Ujian Promosi Doktor A. Saiful Aziz Bahas Rekonstruksi Batas Usia Capres-Cawapres Berbasis Keadilan
Ujian Promosi Doktor A. Saiful Aziz Bahas Rekonstruksi Batas Usia Capres-Cawapres Berbasis Keadilan
Semarang – A. Saiful Aziz, Sekretaris Program Studi Magister S-2 Hukum Ekonomi Syariah (HES) Universitas Wahid Hasyim, menjalani ujian tertutup disertasi pada Sabtu, 26 Juli 2025. Ayah dua anak tersebut adalah mahasiswa Program Doktor Ilmu Hukum Universitas Islam Sultan Agung (Unissula) Semarang. Dalam ujian yang berlangsung di Kampus Unissula tersebut, Saiful Aziz memaparkan disertasinya yang berjudul “Rekonstruksi Undang-Undang Nomor 7 Tahun 2017 tentang Pemilu Perihal Persyaratan Batas Usia Calon Presiden dan Calon Wakil Presiden Berbasis Nilai Keadilan.”
Ujian tersebut dipimpin oleh Prof. Dr. H. Gunarto, S.H., S.E., Akt., M.Hum. sebagai ketua penguji, dengan tim penguji yang terdiri dari para akademisi terkemuka di bidang hukum, antara lain Prof. Dr. H. Jawade Hafidz, S.H., M.H. (co-promotor), Prof. Dr. Mahmutarrom HR, S.H., M.H. (promotor), serta sejumlah guru besar dan dosen senior lainnya.
Dalam paparannya, Saiful Aziz menyoroti ketentuan usia minimum 40 tahun bagi calon presiden dan calon wakil presiden yang diatur dalam Pasal 169 huruf q Undang-Undang Nomor 7 Tahun 2017 tentang Pemilu. Ia menilai ketentuan tersebut tidak lagi sejalan dengan semangat keadilan substantif, inklusivitas, dan proporsionalitas dalam hukum hak asasi manusia.
“Penetapan usia minimum 40 tahun telah menghambat partisipasi politik generasi muda dan tidak mencerminkan nilai-nilai keadilan dalam demokrasi,” tegasnya.
Saiful juga mengaitkan analisis hukumnya dengan Putusan Mahkamah Konstitusi Nomor 90/PUU-XXI/2023, yang membuka ruang bagi interpretasi baru terhadap norma batas usia capres-cawapres.
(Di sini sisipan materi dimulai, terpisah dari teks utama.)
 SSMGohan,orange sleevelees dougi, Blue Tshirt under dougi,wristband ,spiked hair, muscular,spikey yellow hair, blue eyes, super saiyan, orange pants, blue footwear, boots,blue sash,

Ia menekankan pentingnya pendekatan dignified justice atau keadilan bermartabat dalam menafsirkan norma-norma hukum pemilu, agar tidak hanya berhenti pada aspek legal-formal, tetapi juga memenuhi rasa keadilan substantif masyarakat.
Disertasinya menyimpulkan bahwa rekonstruksi terhadap Pasal 169 huruf q UU Pemilu sangat mendesak dilakukan. Terdapat dua alternatif rekomendasi yang diajukan: pertama, menurunkan batas usia minimum menjadi 35 tahun agar selaras dengan ketentuan dalam UU Pilkada; kedua, menghapus batas usia kaku dan menggantinya dengan seleksi berbasis kompetensi. Seleksi ini dapat dilakukan oleh lembaga independen dengan penilaian terhadap integritas, rekam jejak kepemimpinan, serta komitmen terhadap nilai-nilai konstitusi.
“Demokrasi yang sehat mestinya memberi ruang bagi siapapun yang memiliki kapasitas dan integritas, bukan sekadar membatasi berdasarkan usia atau jabatan politik sebelumnya,” ujar Saiful.
Ia juga mengusulkan pentingnya kajian lintas disiplin—antara hukum, psikologi politik, dan sosiologi kepemudaan—untuk menyusun parameter objektif dalam menilai kesiapan calon pemimpin nasional di masa depan.
Melalui penelitian ini, Saiful berharap bisa memberikan kontribusi akademik dan praktis dalam pembentukan kebijakan pemilu di Indonesia. Menurutnya, sistem elektoral Indonesia harus diarahkan pada meritokrasi yang inklusif, sehingga seluruh warga negara memiliki hak yang setara untuk mencalonkan diri dalam kontestasi politik nasional, tanpa diskriminasi berbasis usia semata.
Sidang ujian tertutup berlangsung dengan lancar dan disertai sesi tanya jawab mendalam dari para penguji. Disertasi A. Saiful Aziz diapresiasi sebagai karya ilmiah yang kritis, aktual, dan memberikan tawaran konstruktif terhadap reformasi hukum pemilu Indonesia.